Small Language Models
Last updated
Last updated
Small Language Models (SLMs) are the unsung heroes of the bitGPT Network, offering a smarter way to deliver AI capabilities. Think of them like a specialized tool in your workshop—while a large language model might be like a multi-tool that can handle anything, SLMs are like a precision screwdriver, crafted for specific tasks and designed to get the job done efficiently.
SLMs are smaller, more efficient, and tailored for edge devices, making them ideal for localized AI operations. They’re not meant to be general-purpose like larger models; instead, they’re specialized to handle specific tasks, whether it’s managing your crypto transactions, analyzing market trends, or automating routine processes. This focus on specialization means they can operate faster and with less resource consumption, all while keeping your data private and secure on your device.
The transition to SLMs is a key part of bitGPT’s vision for decentralizing AI. It starts with pre-trained large language models that provide the initial AI capabilities, but over time, these models are distilled into smaller, more efficient versions through a process called knowledge distillation. These SLMs are then fine-tuned on your device, using your data and preferences to become even more effective at the tasks you care about. This gradual evolution ensures that the network remains scalable, cost-efficient, and adaptable to different use cases.

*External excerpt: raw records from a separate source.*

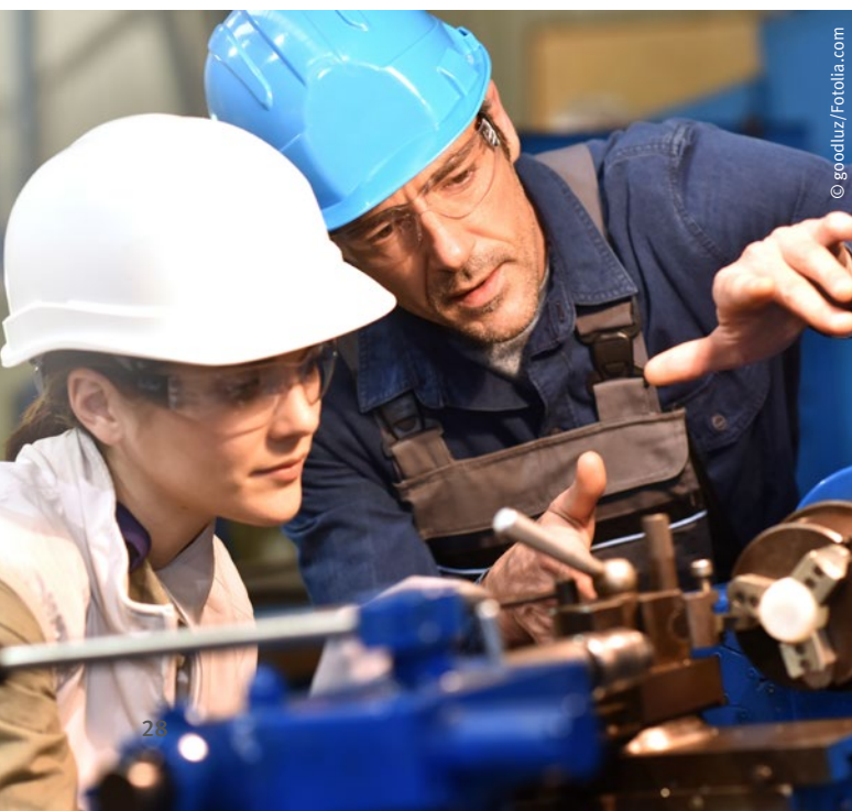
Abb. 15: Der Sicherheitsbeauftragte erläutert einer Auszubildenden das sichere Arbeiten an einer Drehmaschine
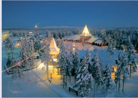
Das Weihnachtsmanndorf in Rovaniemi

Wer ein echtes Winterparadies entdecken möchte, kommt an dieser fantastischen Reise einfach nicht vorbei! Magisch schimmernde Schneelandschaften erwarten Sie im Winterwunderland Finnisch-Laplands. Erleben Sie einen unvergesslichen Winterurlaub inmitten verschneiter Wälder, zugefrorener Seen und mit etwas Glück dem Zauber der geheimnisvollen, grünlich leuchtenden und tanzenden Polarlichter. Lernen Sie die Region und Traditionen bei einer Schneeschuhwanderung, Hundeschlittenfahrt und einer rasanten Fahrt mit dem Motorschlitten näher kennen und entspannen Sie im Anschluss in der typisch finnischen Sauna. Diese Reise wird zu einem unvergesslichen Erlebnis!
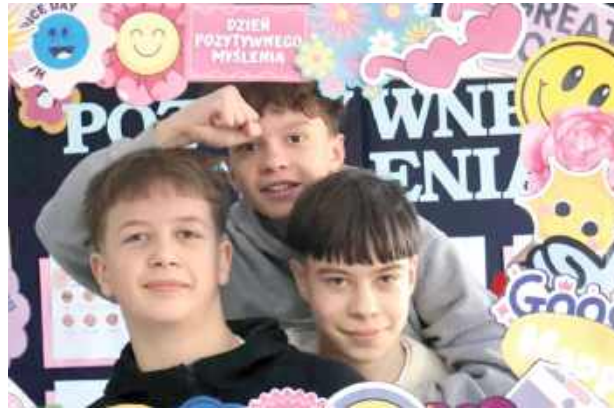
Do zdjęć chętnie pozowali również chłopcy
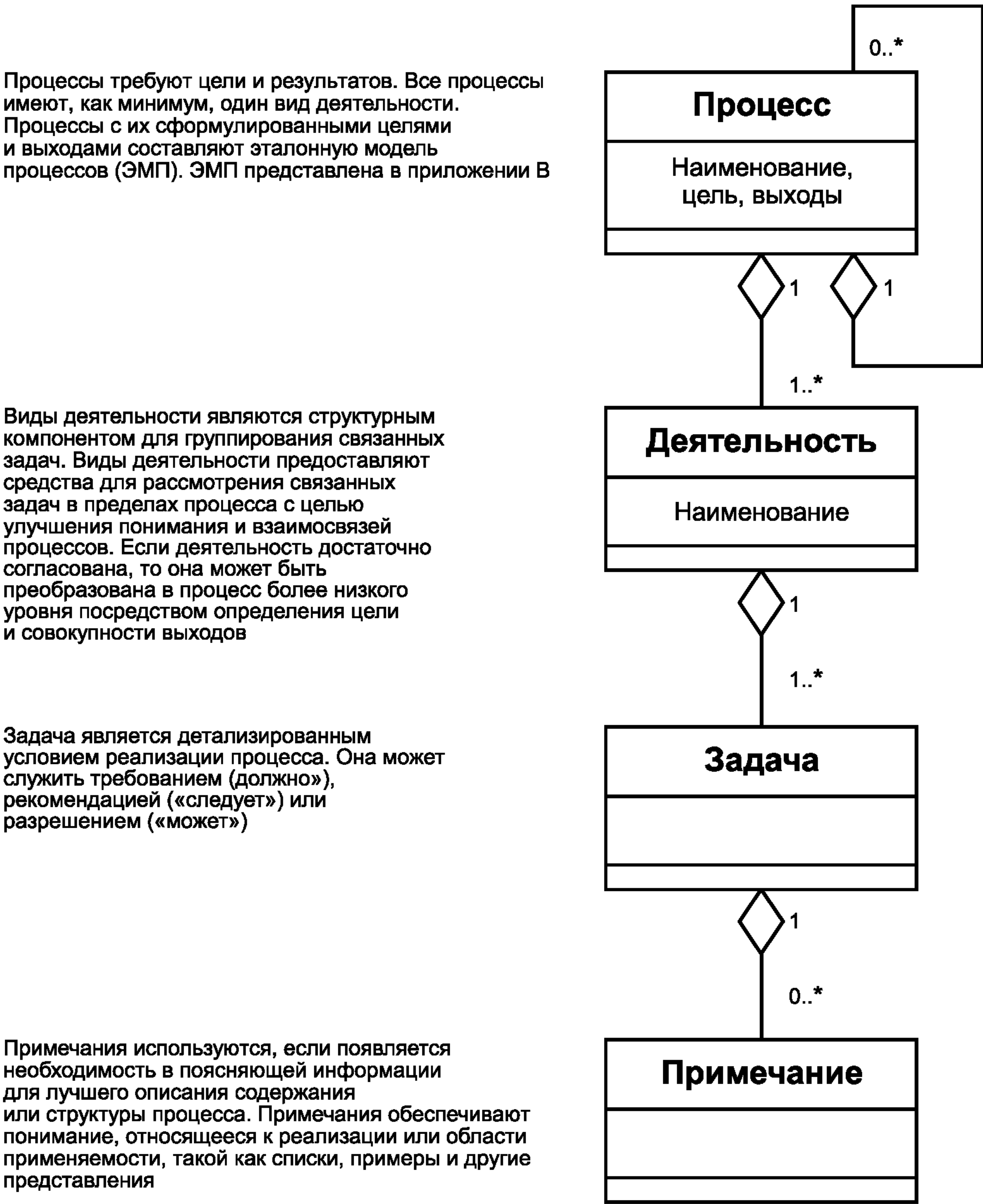
Рисунок С.1 — Конструкции процессов в ИСО/МЭК 12207 и ИСО/МЭК 15288

b) процессы организационного обеспечения проекта — пять процессов (см. 5.2.2.1.2 и 6.2); c) процессы проекта — семь процессов (см. 5.2.2.1.3 и 6.3); d) технические процессы — одиннадцать процессов (см. 5.2.2.1.4 и 6.4); e) процессы реализации программных средств — семь процессов (см. 5.2.2.2.и 7.1); f) процессы поддержки программных средств — восемь процессов (см. 5.2.2.2.2 и 7.2); g) процессы повторного применения программных средств — три процесса (см. 5.2.2.2.3 и 7.3). Последовательное использование правил описания процессов позволяет получить нормализованную нумерацию разделения стандарта на подразделы, пункты, подпункты и т. д. В пределах настоящего стандарта: 6.a и 7.a — указывают на группу процесса; 6.a.b и 7.a.b — указывают на процесс (или процессы более низкого уровня) в пределах этой группы; 6.a.b.1 и 7.a.b.1 — описывают цель процесса; 6.a.b.2 и 7.a.b.2 — описывают выходы процесса; 6.a.b.3.c и 7.a.b.3.c — перечисляют виды деятельности в рамках процесса и пункты; 6.a.b.3.c.d и 7.a.b.3.c.d — перечисляют задачи вида деятельности «с». Представление конструкций процессов на универсальном языке моделирования UML, применяемых в настоящем стандарте и ИСО/МЭК 15288—2007, показано на рисунке С.1.
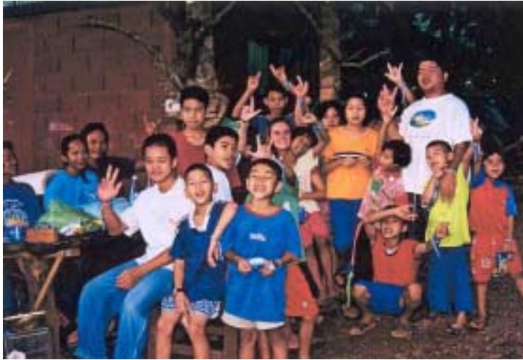
Abb. 3: Die Kinder und ich

Wie oben bereits erwähnt, wohnen 18 Kinder auf der Farm. Sie kamen alle aus unterschiedlichen Verhältnissen und aus unterschiedlichen Gründen auf die Farm. Viele stammen aus sehr ärmlichen Verhältnissen, sind von ihrer aidskranken Mutter verlassen worden, nachdem der Vater verstorben war oder sind Kinder burmesischer Flüchtlinge, die dem totalitären Regime dort enttrinnen wollten, deren Zukunft in Thailand jedoch alles andere als sicher ist.
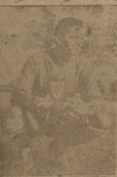
LIMA: PASSO LIVRE
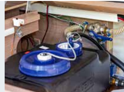
Waschbecken-Abwassertank - die Dusche geht ins Freie.
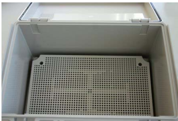
Click on Image for Larger View

An all plastic accessory panel used with the NBF series NEMA boxes that allows easy mounting of electronic devices in the box
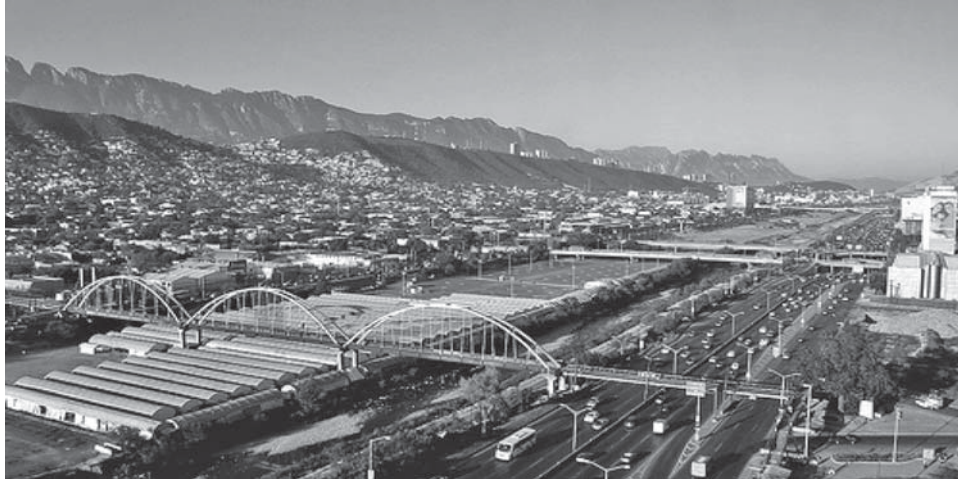
Foto 3. Vista aérea del Puente del Papa desde el Hotel Sheraton

Fuente: < http://www.flickr.com/photos/darijuss/3023230805 >. Fecha de consulta: enero de 2010.
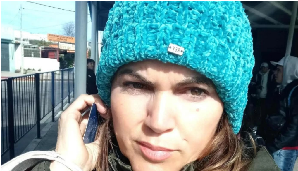
Terminal paso de la arena comentarios
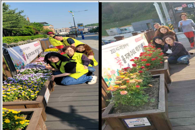
꽃길 만들기 유지·관리
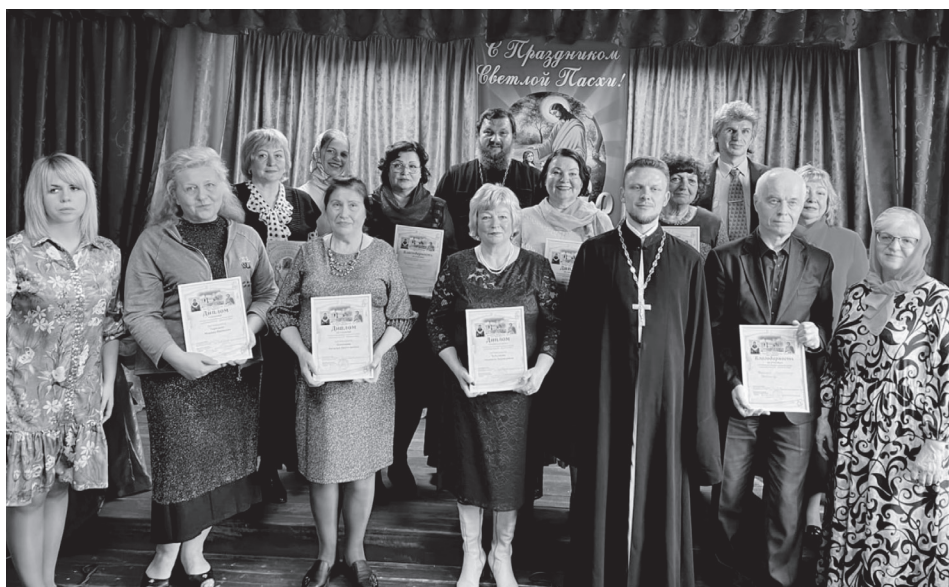
На конкурсе духовной поэзии в храме Покрова Пресвятой Богородицы с. Боршева
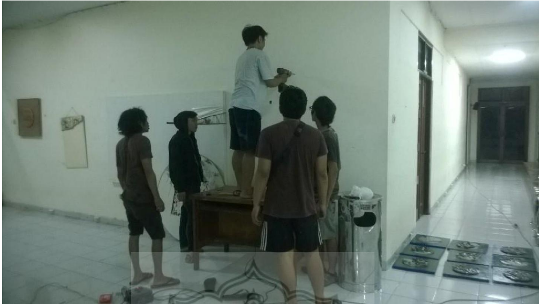
Gb. 43. Situasi display karya
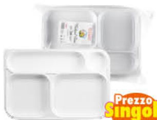
ARISTEA VASSOIO 4 SCOMPARTI
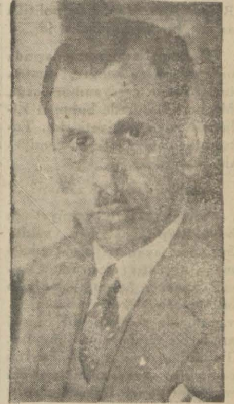
Kâzım Pş. Hz.

Meclis Reisi Kâzım Pş. Hz. dün öğleden sonra Dolmabahçe sarayındaki daire mahsusından çıkarak otomobile Beyoğlu cihetinde bir tenezzüh yapmıştır. Kâzım Pş. Hz. bugün Ankara'ya hareket edecektir.

bitGPT uses two kinds of model training:
Knowledge distillation from bigger "parent" models to "child" models.
Reasoning-based fine tuning which translates reasoning abilities into small language models, making the relevant data hyper specific to the operation performed.
From there, we use a combination of Federated learning and differential privacy to aggregate data across multiple anonymous clients, directing the processed data to a central server for fine tuning. Execution is handled by bridging this data between various client servers and a central server. bitGPT also processes the data through an anonymization layer to ensure any user related data is removed previous to model fine tuning.
This process allows Delegates to be run on distributed machines, potentially completely on the client side by sending inference requests either to a locally running SLM or externally to a larger host. Our architecture allows models to run constantly as inference and agents are only invoked either on a scheduled basis (e.g., once every few hours or once per month) or on an event-driven basis (i.e., when a particular event happens, an execution loop is triggered.)
The result is a network where AI capabilities are no longer tied to centralized servers but are instead distributed across edge devices, empowering users with more control over their data and experiences.